I would like to see PAR data on these. It's too bad I don't see any double bright for freshwater, but you could use the reef bright with 10000k lights. Marineland recommends their double bright reef setup for plants.


----------



## Dfrost1189 (Jan 23, 2012)

Well Donald the problem is that my hood can only hold one bulb.

And the LED light don't even put off 10 watts. 

I guess i'll have to buy something that sits on top of the tank. for ex. 
Aquarium Lighting T5 Fluorescent Light Fixture: AquaticLife T5 HO Dual Lamp Light Fixtures

But i much rather keep a hood because it keeps the light from getting out into the room, the light seems to just light the tank and thats it. What would be perfect is to have double bulb strip light like this but double.
Fluorescent Aquarium Lighting: Perfecto Fluorescent Single Strip Lights


----------



## Donald Hansen (Jan 21, 2011)

This is my third try at this. My other 2 went somewhere, probably never never land.

I had assumed that your light fixture looked like the one in your Fluorescent Aquarium Lighting: Perfecto Fluorescent Single Strip Lights. If so, you can retro-fit either the 36 watt kit or the 55 watt kit into that fixture. They do state that you would need to mount the ballast on the outside and in the back of your present fixture. Because the 55 watt bulb is 21.125" long without the power end cap you might want to check the total length before you buy. Or you could build your own light fixtures which is another route I'm think of taking.

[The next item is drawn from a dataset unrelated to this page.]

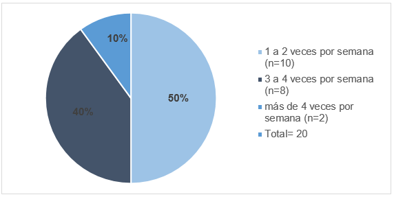 Las características del ejercicio pre gestacional en cuanto a frecuencia semanal, minutos y tipo de actividad física, se muestran en el gráfico 2,3 y 4.

As for those lights that sit above the aquarium top on legs. I wonder if a skirt made of reflective Mylar would help put the light where it belongs.

DLH


----------



## Dfrost1189 (Jan 23, 2012)

The skirt idea is pretty interesting I must say. I think the retro-fit would work, but Where do find the retro-fit kits?


----------



## Reefing Madness (Aug 12, 2011)

Dfrost1189 said:


> I have a 29 gal. community planted tank. I have a amazon sword, anubias, java fern, and green ozelot. The green ozelot and anbias is more under the light than the others. The Bulb i have on came with the hood, its a 24" Aqueon 17 W T8. I here that you want 1 to 2 watts per gallon. Obviously i dont have that. The highest watt I've found in 24" is 17 W. So i guess I need to add another bulb but that would be too many watts. Maybe Im just not looking hard enough, Is there a bulb that would fit that rule of thumb and fit my hood?


24" 48w Lighting T5 Aquarium Light Hood Plant Freshwater Coral Fish Fluorescent | eBay

Or:
T5 Retro Fit Kits and Parts - English

Complete page for installing a retro kit in your hood.


----------